- Task data:
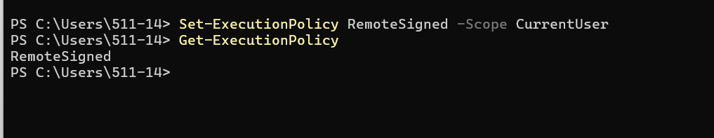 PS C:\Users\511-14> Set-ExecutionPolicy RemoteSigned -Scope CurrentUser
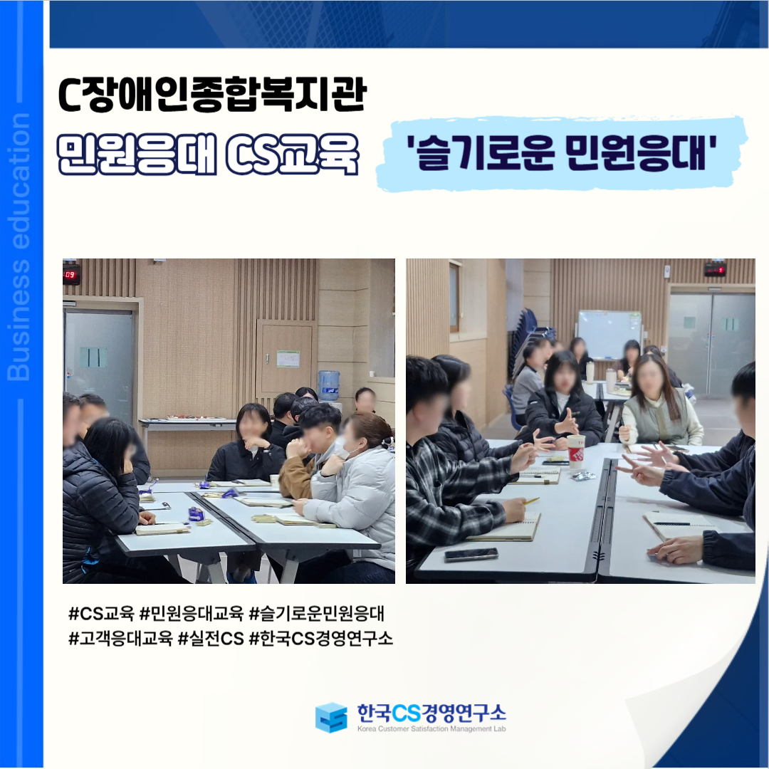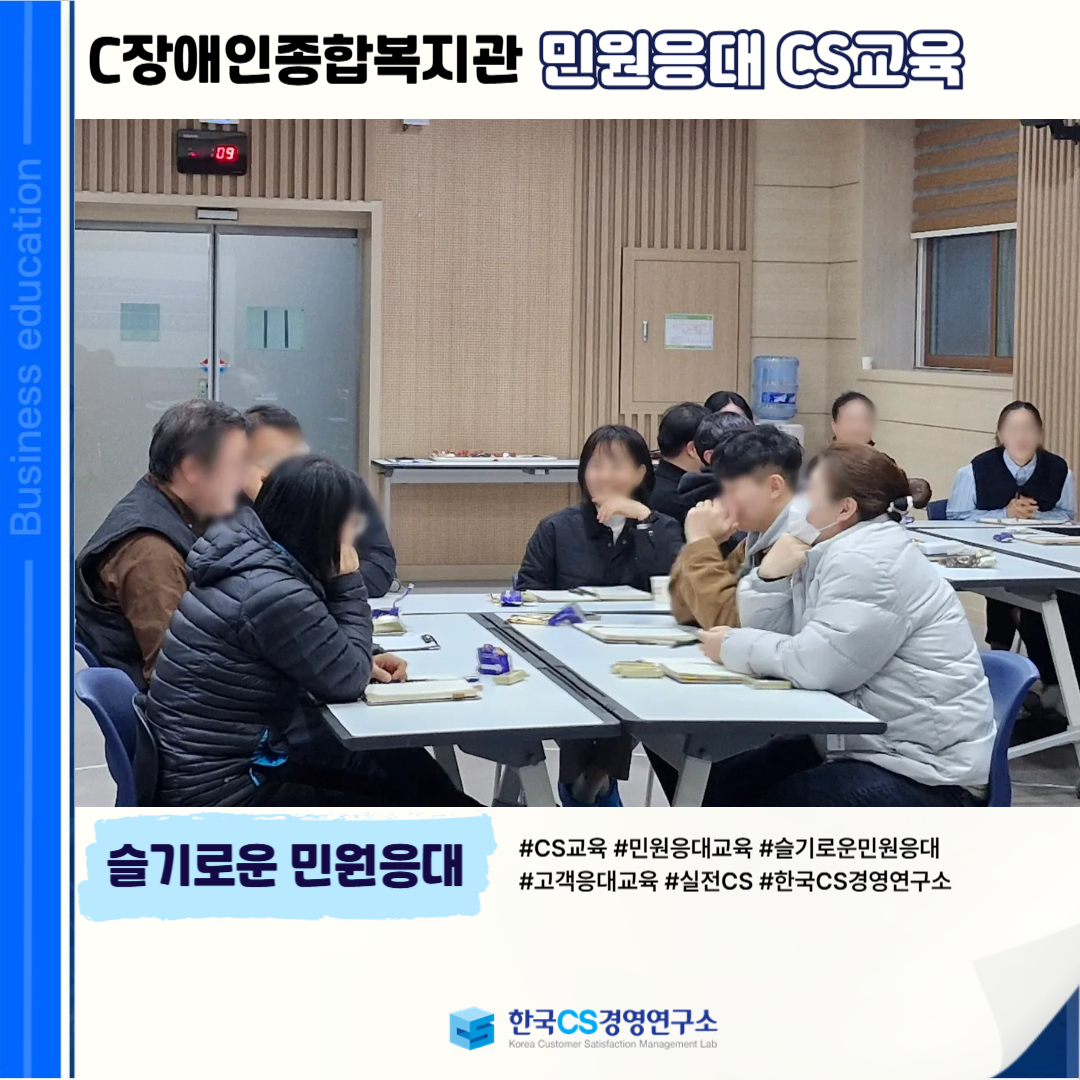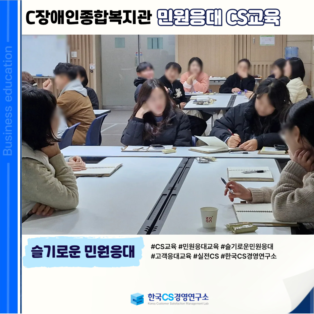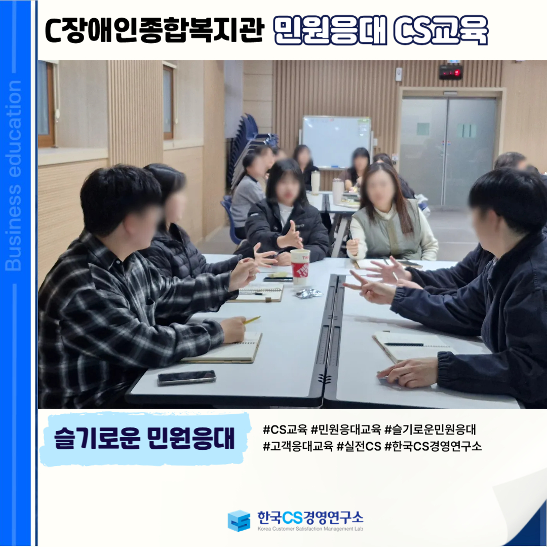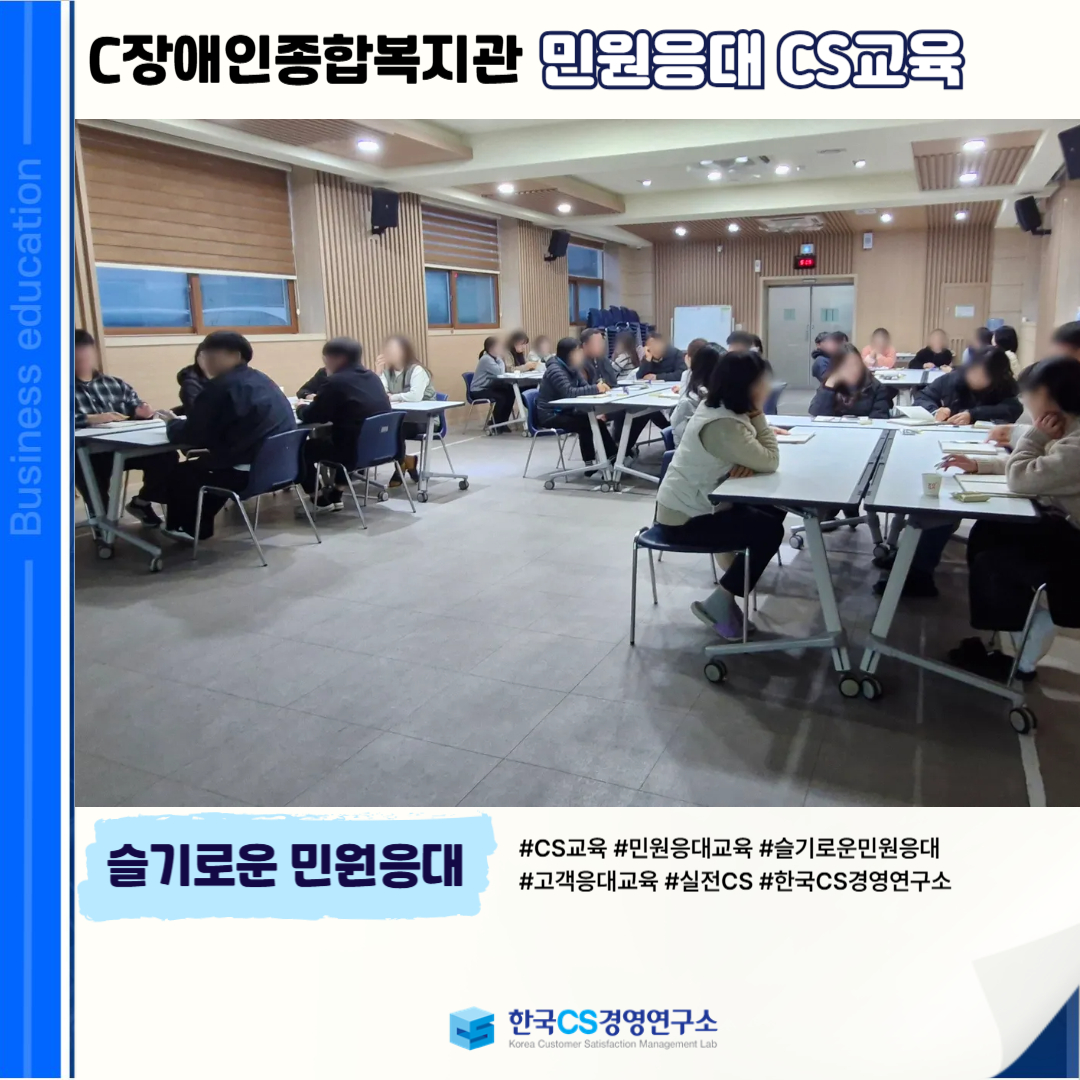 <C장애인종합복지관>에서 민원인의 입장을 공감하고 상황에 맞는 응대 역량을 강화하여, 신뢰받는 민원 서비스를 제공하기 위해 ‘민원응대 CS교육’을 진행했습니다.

--

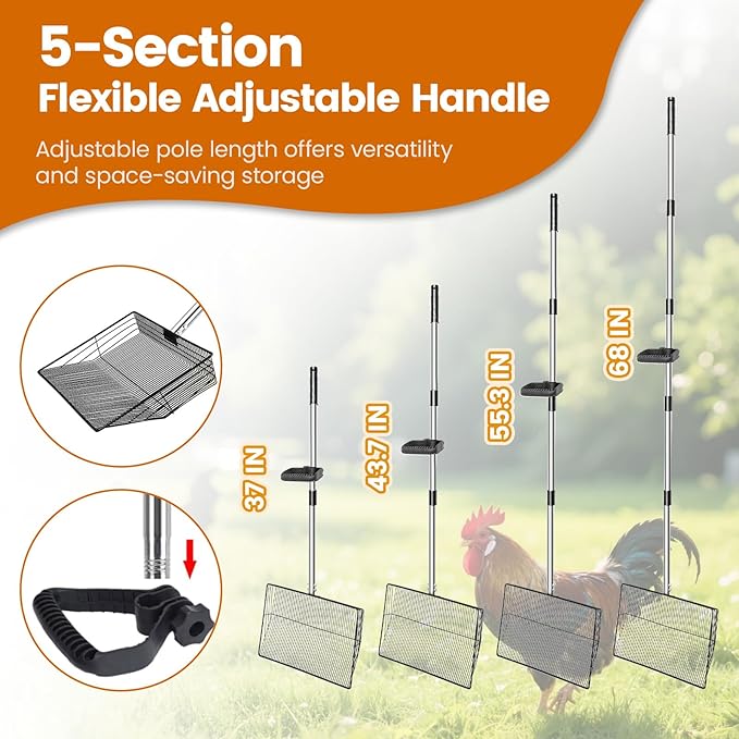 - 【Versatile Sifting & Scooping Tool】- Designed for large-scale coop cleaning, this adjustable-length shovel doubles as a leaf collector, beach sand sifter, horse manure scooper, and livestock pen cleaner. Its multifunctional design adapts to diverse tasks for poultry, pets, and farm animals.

---

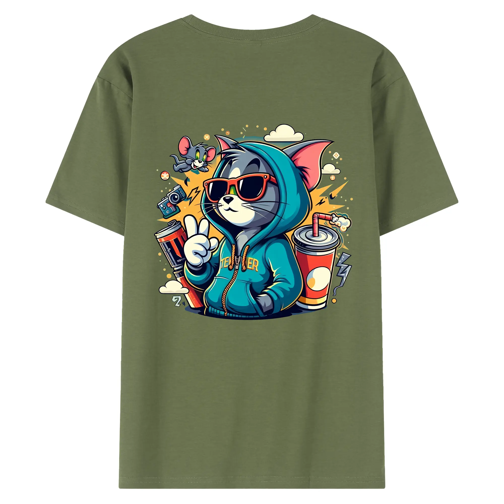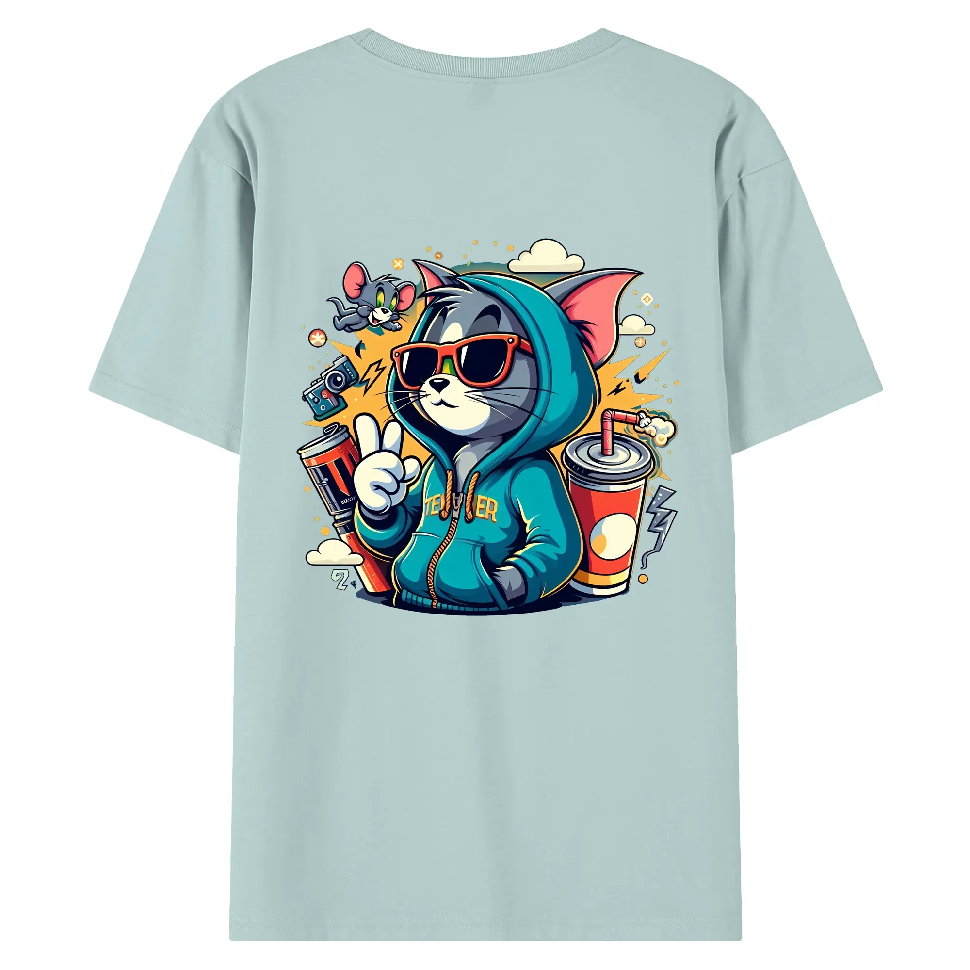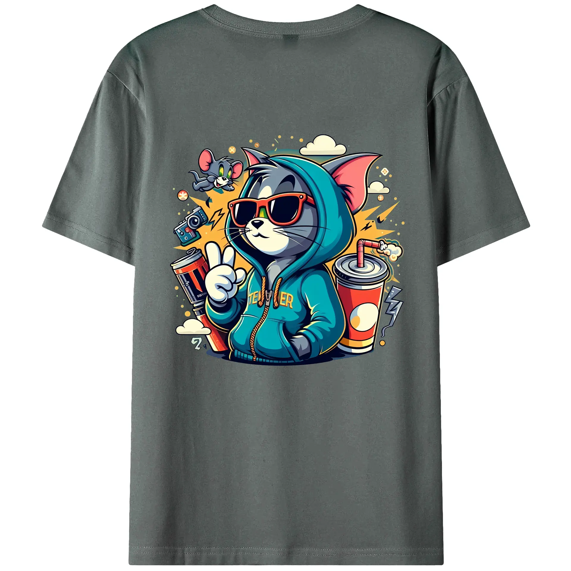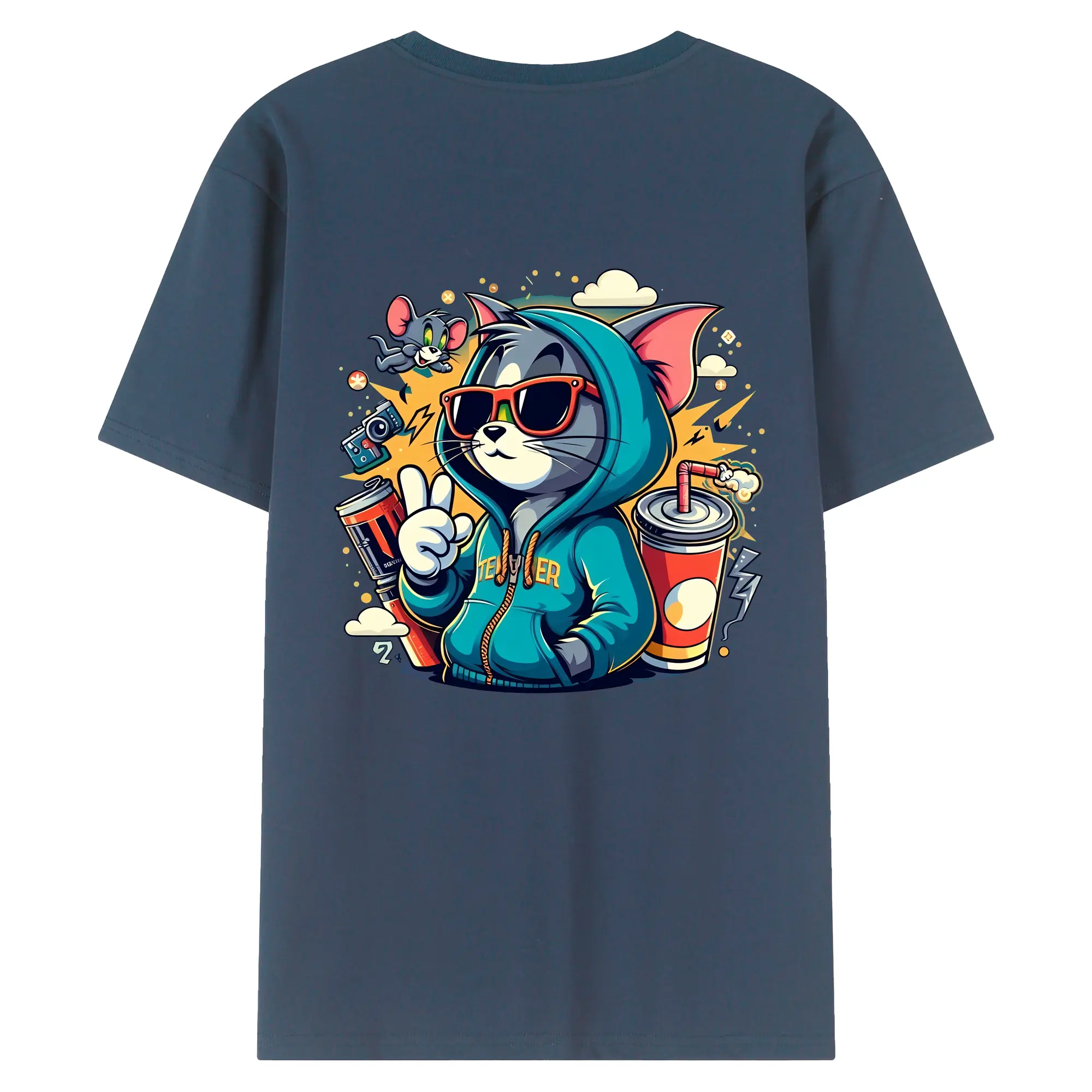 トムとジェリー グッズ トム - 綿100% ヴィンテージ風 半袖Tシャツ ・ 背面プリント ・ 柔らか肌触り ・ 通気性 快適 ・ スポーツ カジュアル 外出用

- Problem to work on: Range to copy from the listing above: the line with "PS C:\Users\511-14> Set-ExecutionPolicy" through the line with "<C장애인종합복지관>에서 민원인의 입장을". Transcribe it exactly and skip the pictures.

- Finished task:
 PS C:\Users\511-14> Set-ExecutionPolicy RemoteSigned -Scope CurrentUser
 <C장애인종합복지관>에서 민원인의 입장을 공감하고 상황에 맞는 응대 역량을 강화하여, 신뢰받는 민원 서비스를 제공하기 위해 ‘민원응대 CS교육’을 진행했습니다.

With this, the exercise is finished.